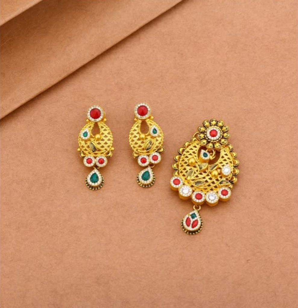 Elegant 92.5 silver gold plated pendant set featuring peacock-inspired jali design, meenakari accents, and matching earrings for a graceful traditional look.
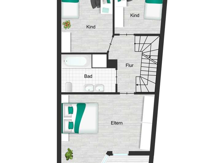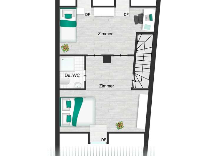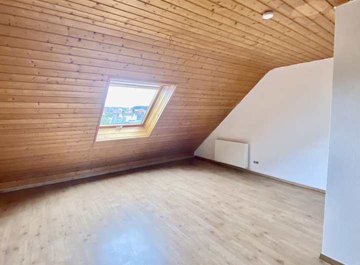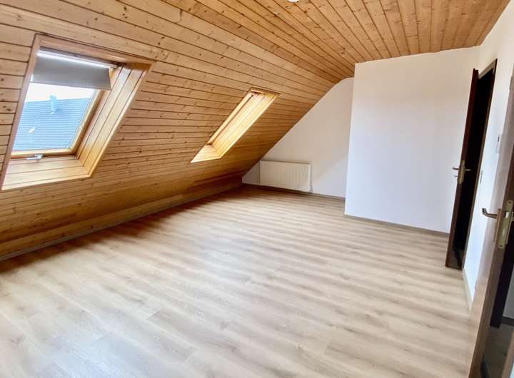 Das 2. Obergeschoss bietet zwei große, ausgebaute Dachzimmer sowie ein modernes Duschbad – ideal als Jugend- oder Arbeitsbereich.
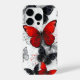 Flock of flying, realistic, red and black morpho butterflies on white background with drops of paint.

────────────────

## Work required
Pictures aside, print every line of the material exactly.

## The completed task
 Elegant 92.5 silver gold plated pendant set featuring peacock-inspired jali design, meenakari accents, and matching earrings for a graceful traditional look.
 Das 2. Obergeschoss bietet zwei große, ausgebaute Dachzimmer sowie ein modernes Duschbad – ideal als Jugend- oder Arbeitsbereich.
 Flock of flying, realistic, red and black morpho butterflies on white background with drops of paint.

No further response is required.